Final Sedgwick Review confirms banks putting customers first in pay systems for frontline staff

An independent review of retail banking product commissions and payments has described the change in culture and practices as a “substantial achievement” that will improve outcomes for customers.

The Australian Banking Association commissioned Mr Stephen Sedgwick AO in 2016 to undertake a large scale review of remuneration practices for frontline staff. This review, delivered in 2017, recommended comprehensive reforms and outlined a 3-year process for banks to implement the reforms.

The Australian Banking Association commissioned Mr Sedgwick in late 2020 to undertake an independent assessment of the scale and effectiveness of implementation of the reform program. The ABA welcomes the final Sedgwick Review into product sales commissions and product-based payments in retail banking in Australia.

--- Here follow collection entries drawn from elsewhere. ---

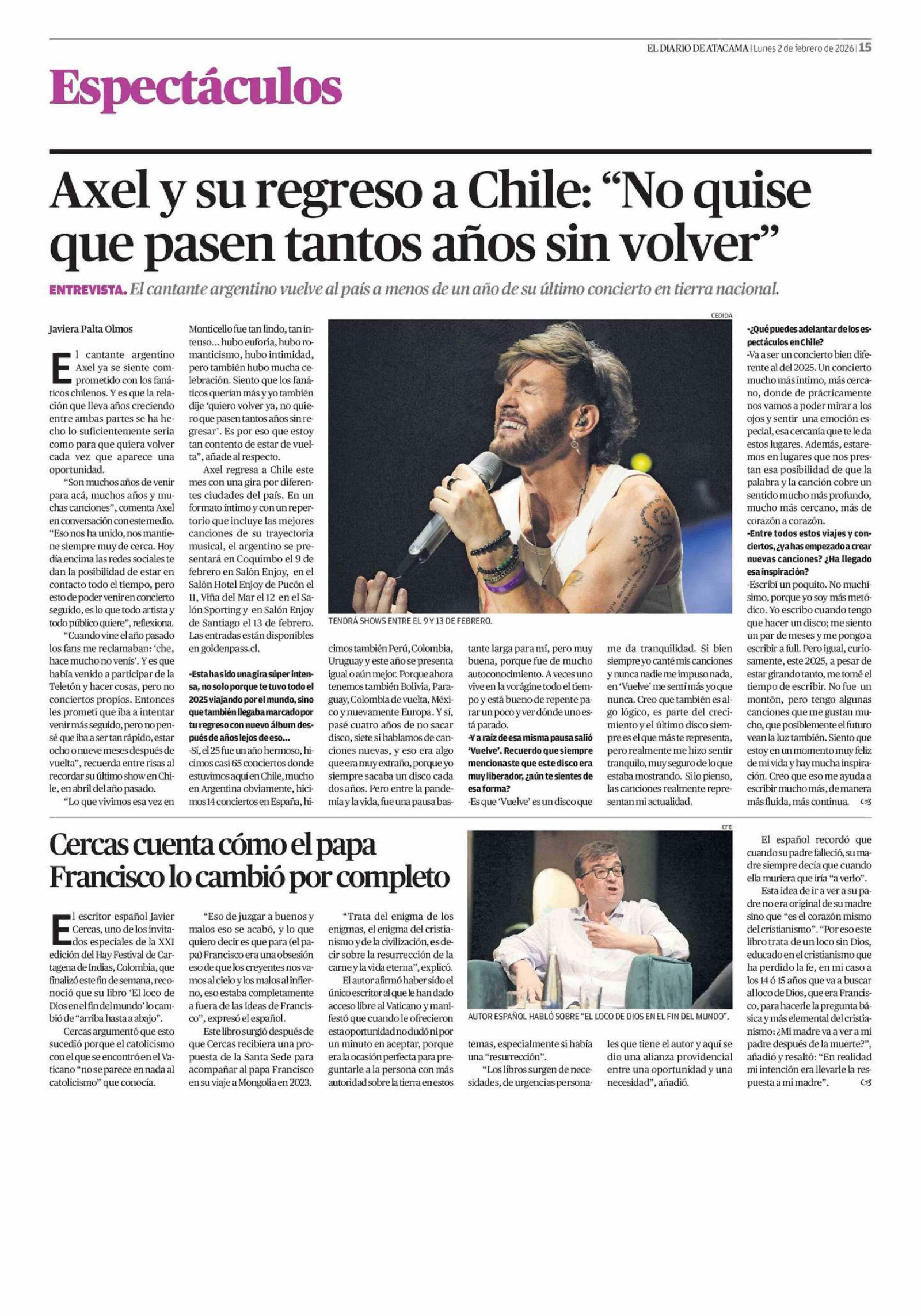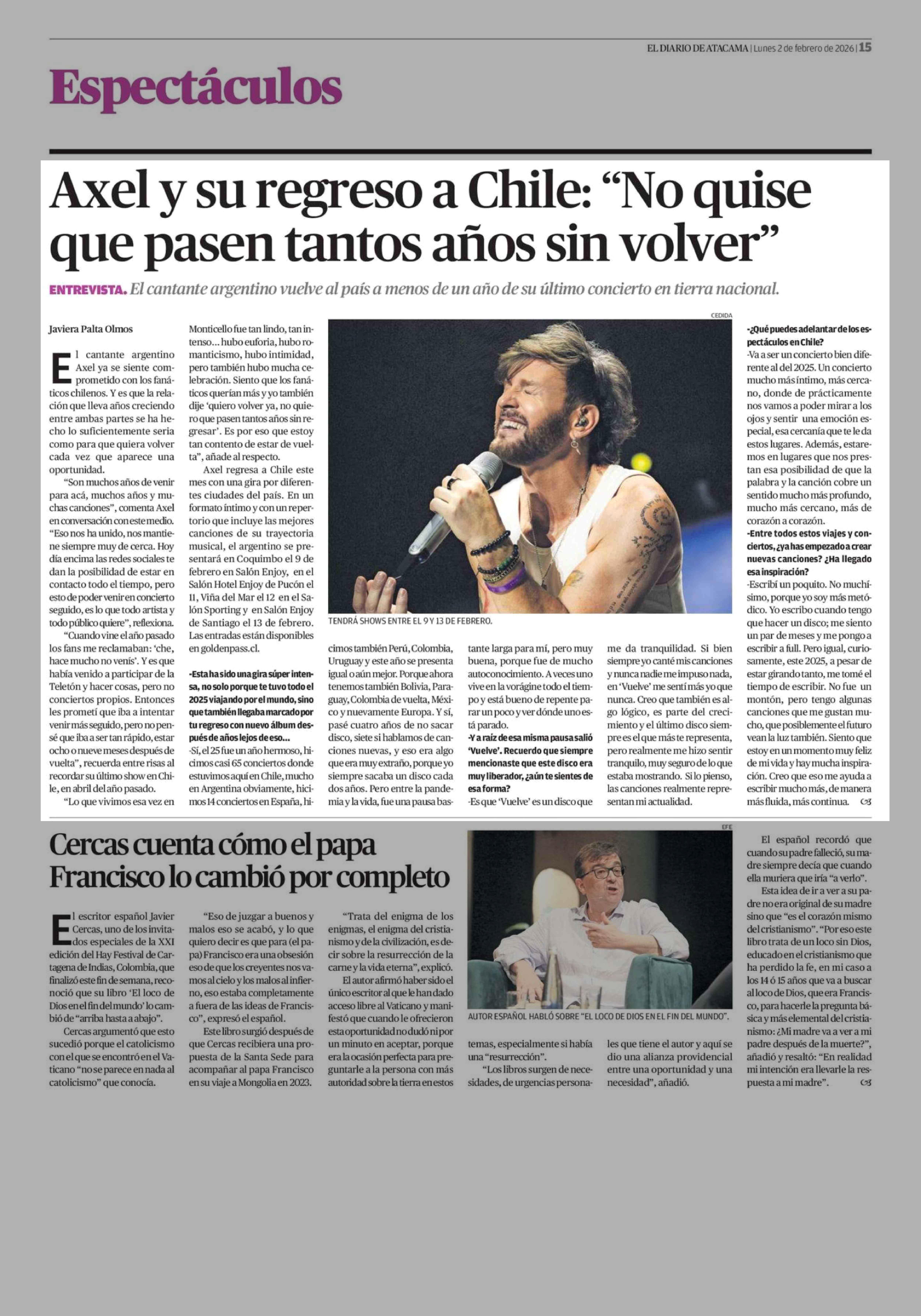 Título: Axel y su regreso a Chile: "No quise que pasen tantos años sin volver"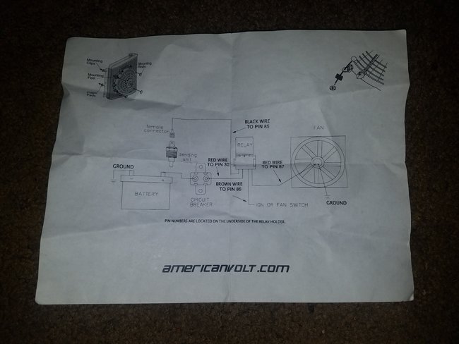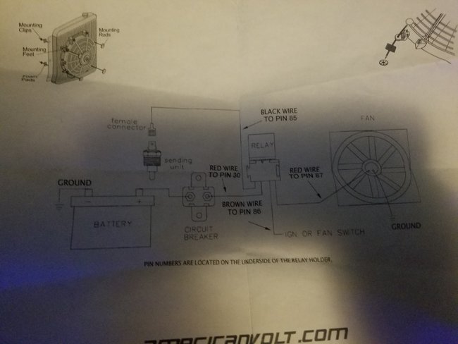 So I have almost completely wired up my electric fan kit except the wire to the fan and the wire that goes to ignition which I believe is only there for the sole purpose of telling it to turn on. I have hooked this wire to my secondary fuse box that only gets power. once the key has been turned to the on position but for it to get power it needs a fuse plugged in, but I would have no idea what amperage fuse to use. Here is a picture of the wiring diagram the circuit breaker I believe is a 35 amp. Thanks for any offered help. The brown wire to pin 86 is the one I need help with on fuse size.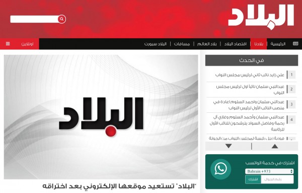 مرآة البحرين: قالت صحيفة البلاد المحلية إن موقعها الإلكتروني تعرض للاختراق فجر أمس الأول الجمعة، لكنها نجحت أمس السبت في استعادته.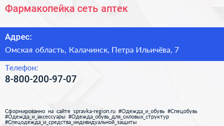 Фармакопейка, сеть аптек по адресу Омская область, Калачинск, Петра Ильичёва, 7 в дальнейшем Организация, размещена в следующих категориях: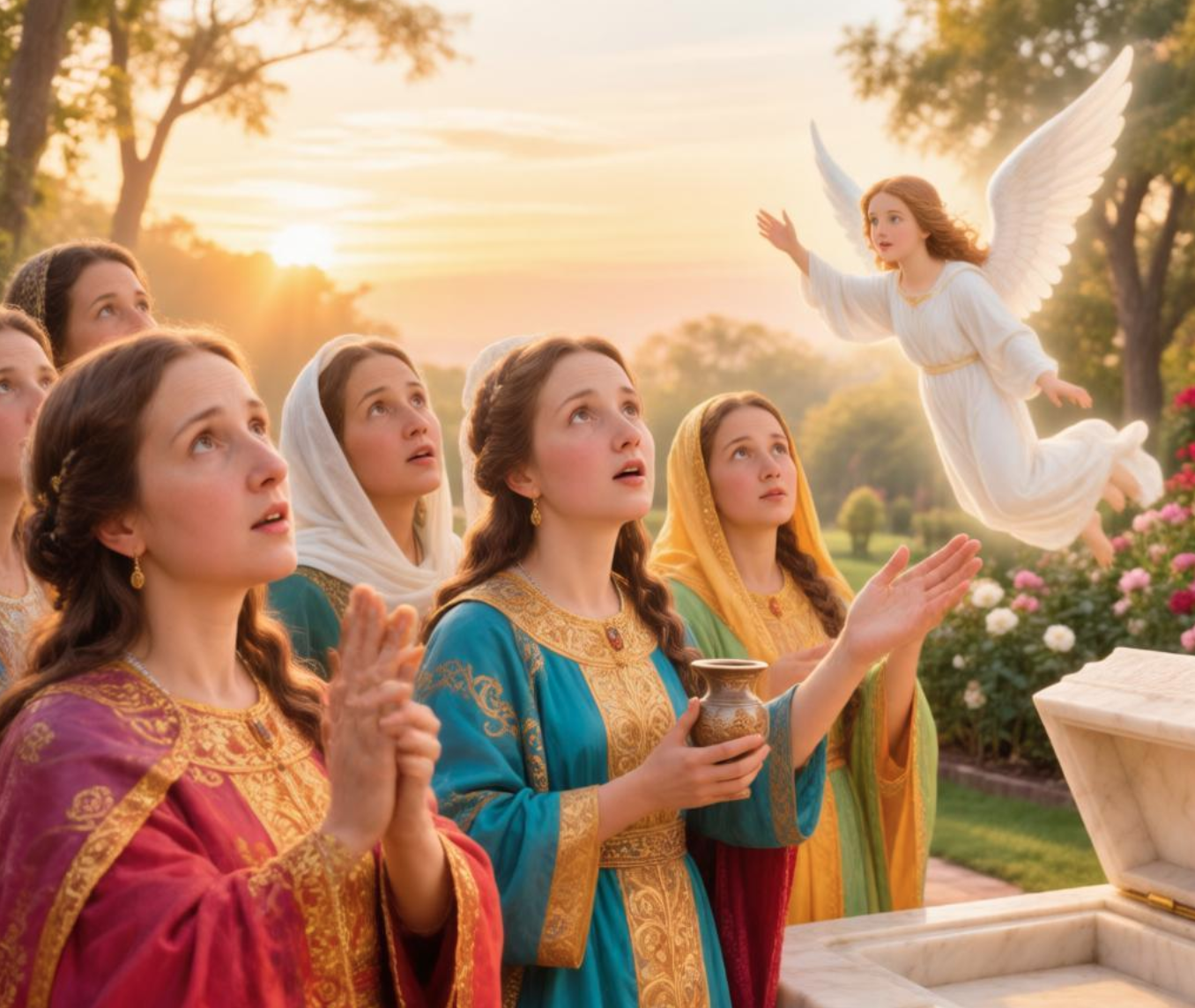 В Евангелии рассказывается, что рано утром в воскресенье они пришли ко гробу с миром, чтобы завершить погребальный обряд. Там их встретил Ангел, возвестивший о Воскресении Христа. Именно женам-мироносицам было доверено первыми узнать о победе жизни над смертью и передать эту весть апостолам.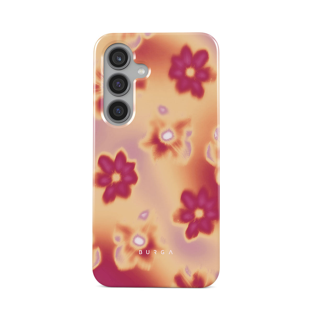 Get lost in the allure of our Divine Samsung Galaxy S24 Plus phone case design. Picture blossoms bathed in fiery hues of pink and orange, each seemingly charged with life's raw energy. Set against a canvas that radiates power and warmth, these flowers offer more than just beauty; they resonate with the essence that binds us all.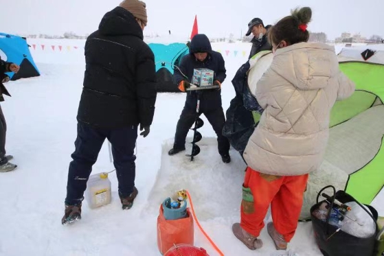 “龍行雪野”朔風(fēng)吹,游人“共釣寒江雪”。開幕式結(jié)束后,嘉蔭縣“休閑漁業(yè)”冰釣歡樂賽在嘉蔭永安東湖正式開始。平靜的冰面上,冰釣愛好者在支好的帳篷里有條不紊地生起暖爐、鑿開冰面、下好魚餌,靜等魚鉤跳動。隆冬時(shí)節(jié),冰雪蓋地、魚潛深水,冰釣愛好者以釣技論英雄,共享冰雪歡樂盛宴。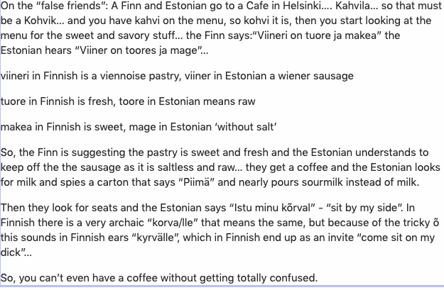 Not so well-known fact - before WW2, Estonia was RICHER than Finland. But then the Russians came and stayed for 50 years in Estonia. Finland stayed independent and was sort of a bridge to the Western world for occupied Estonia.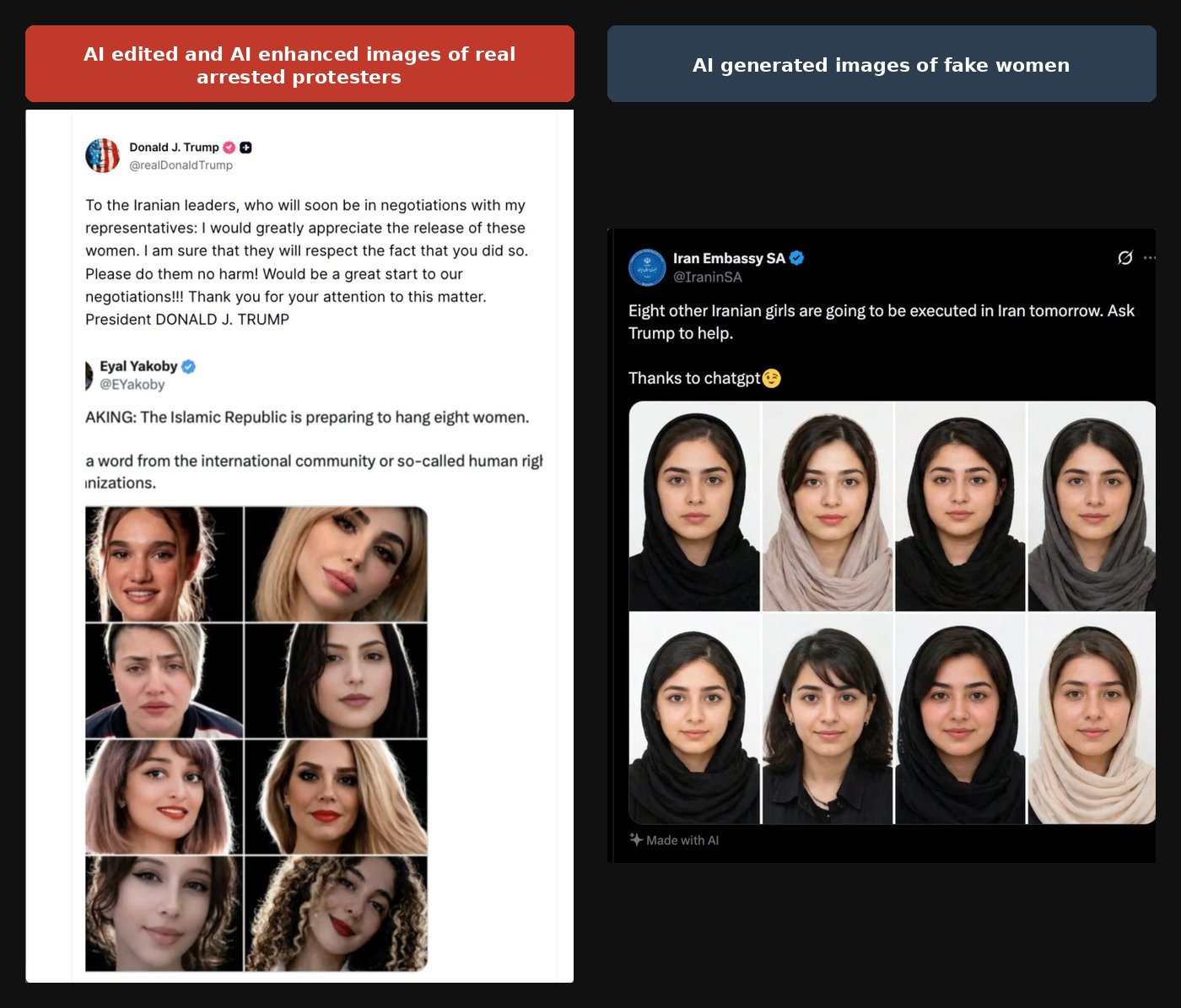Another example of narrative distortion emerged when the US president and State Department highlighted eight Iranian women who were all alleged to have been sentenced to death (Reuters). The women—Bita Hemmati, Diana Taherabadi, Ensieh Nejati, Ghazal Ghalandari, Golnaz Naraghi, Mahboubeh Shabani, Panah Movahedi and Venus Hosseininejad—are real and were arrested during the January anti-regime uprising, according to the Center for Human Rights in Iran (The National). However, their sentences differed, and only one—Hemmati—was sentenced to death. Additionally, their real photos were AI-enhanced or modified, according to WITNESS’ Mahsa Alimardani, which raised questions about the authenticity of them all together (TechPolicy.press) As The Verge noted, this case is a “mingling of fact and fiction into a fuzzy distortion that fuels an endless disputation of real human rights violations,” and plays into the Islamic Republic’s hands (as seen below).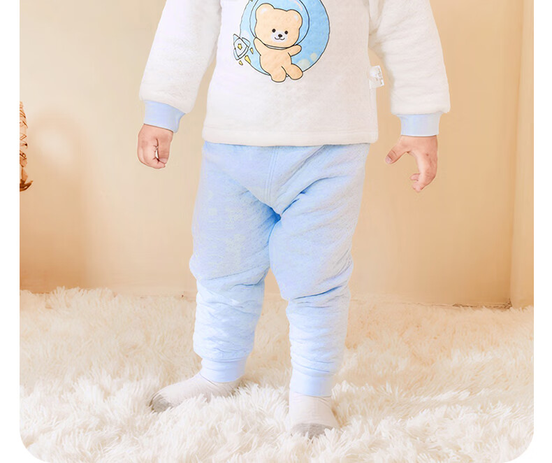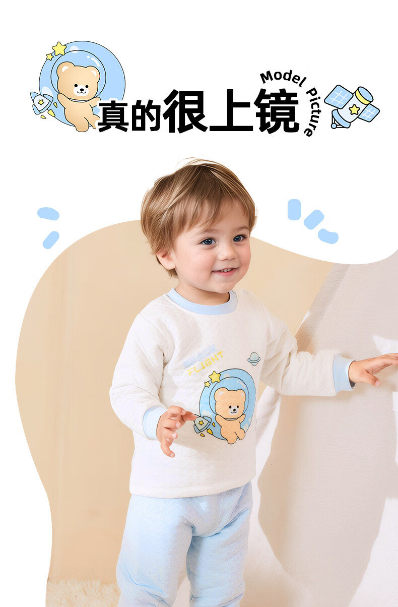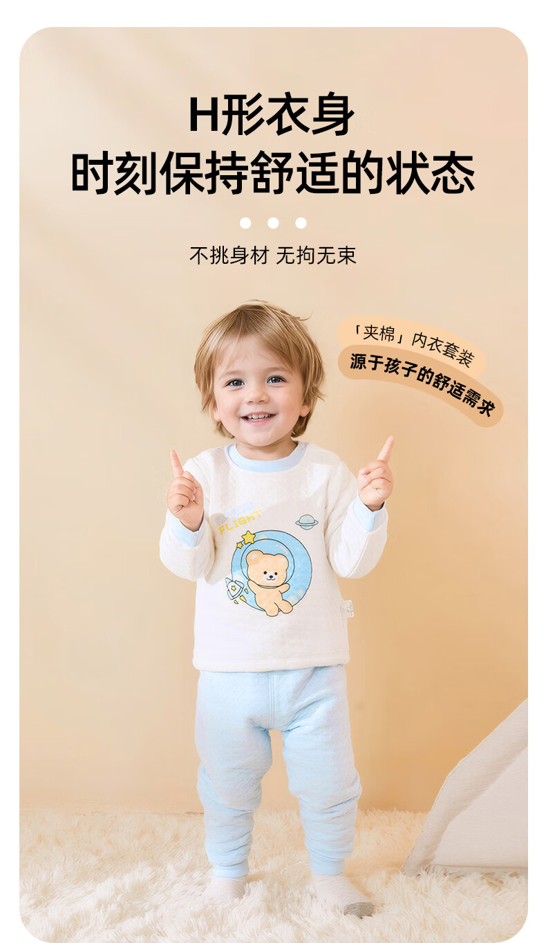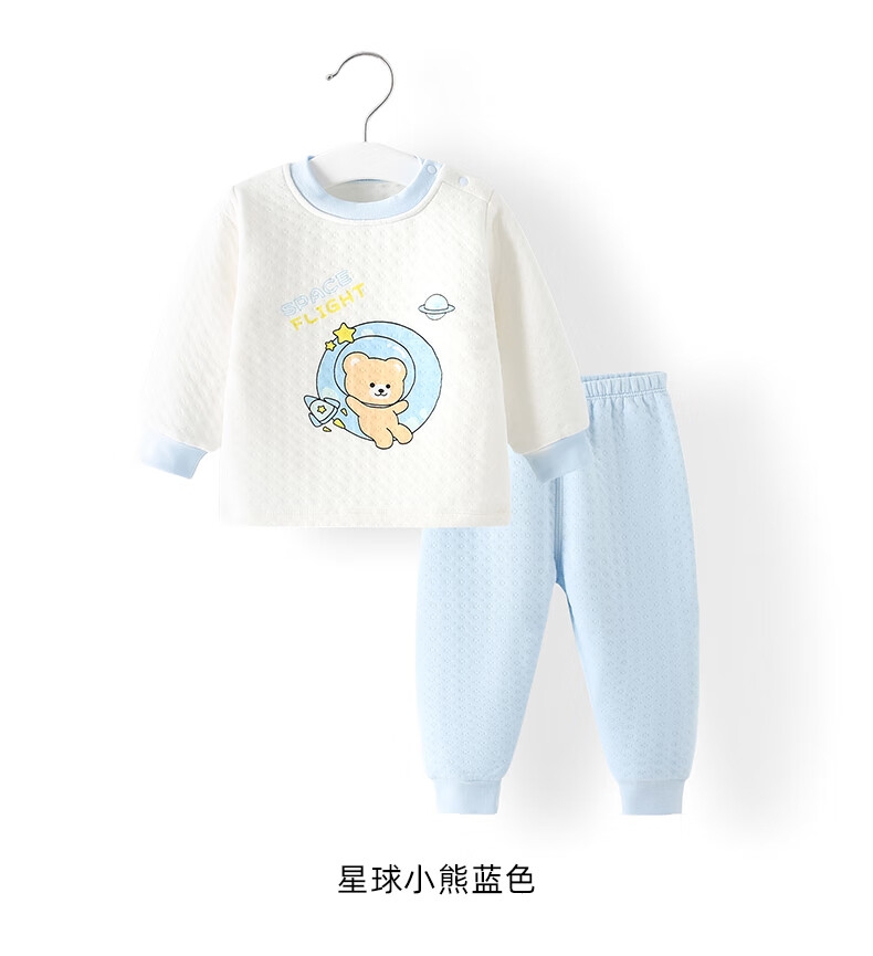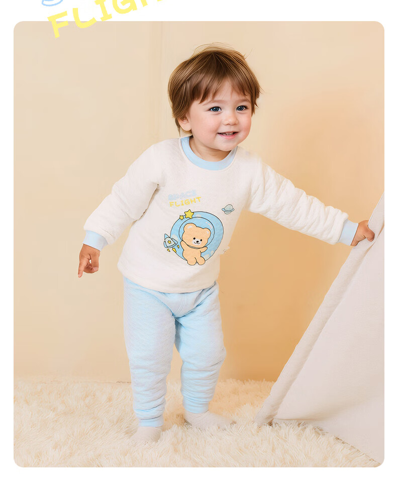 舒贝怡儿童内衣套装保暖夹棉男女宝宝秋衣秋裤婴儿衣服家居服小熊90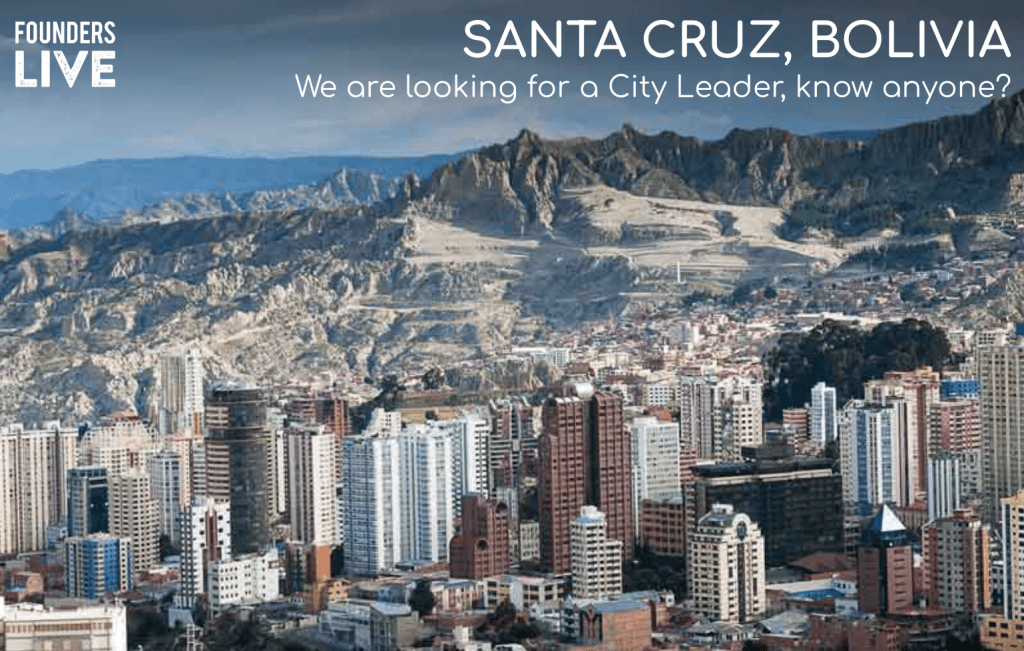 Founders Live is launching soon in Santa Cruz and is now looking to add a City Leader to help run the event in the Bolivian region. Founders Live is a fun often livestreamed startup event and pitch competition which highlights promising early-stage startups from specific regions, where winners gain recognition not only in the local community but across the global Founders Live social platform.

“This final review by Stephen Sedgwick clearly demonstrates that banks have kept their promise to stop poor remuneration practices and put the customer first”

ABA CEO Anna Bligh

The final Review found the industry’s polices have changed in line with earlier recommendations. A survey of retail staff conducted as part of the Review showed they believe their bank typically to be more customer than sales-centric, implying that the revised policies are generally being applied in practice.

Mr Sedgwick said: “Although the scale of change required varied between banks, the industry has accepted and delivered against my 2017 Recommendations that mutually reinforcing reforms were generally required to the culture, management and remuneration of retail bank staff. Substantial change has been achieved, which needs to be supported as time passes by continued vigilance of bank management, boards and regulators.”

The main findings of the final review include:

  • Links between remuneration and sales are now rare and, where present, only indirect.
  • Toxic mechanisms like accelerators linked to sales have gone.
  • Performance assessments of employees and access to variable rewards are now typically assessed on a ‘whole of role’ basis, including ‘how’ results are achieved, as opposed to sales performance.
  • Both the “what” and the “how” are assessed to minimise the risk that good sales secured by poor behaviour is rewarded
  • Many banks have invested heavily in refreshing their values, consequence management framework, cultural expectations and leader, manager and staff capability to strengthen the focus on the customer.

The Hayne Royal Commission Recommendation 5.5 that “Banks should fully implement the recommendations of the Sedgwick Review” is now complete with this final review confirming that the reforms have been implemented and real change has occurred.

Anna Bligh, Chief Executive Officer at the ABA, said the new findings are testament to the significant changes the banking industry has made since the Review was first commissioned in 2016.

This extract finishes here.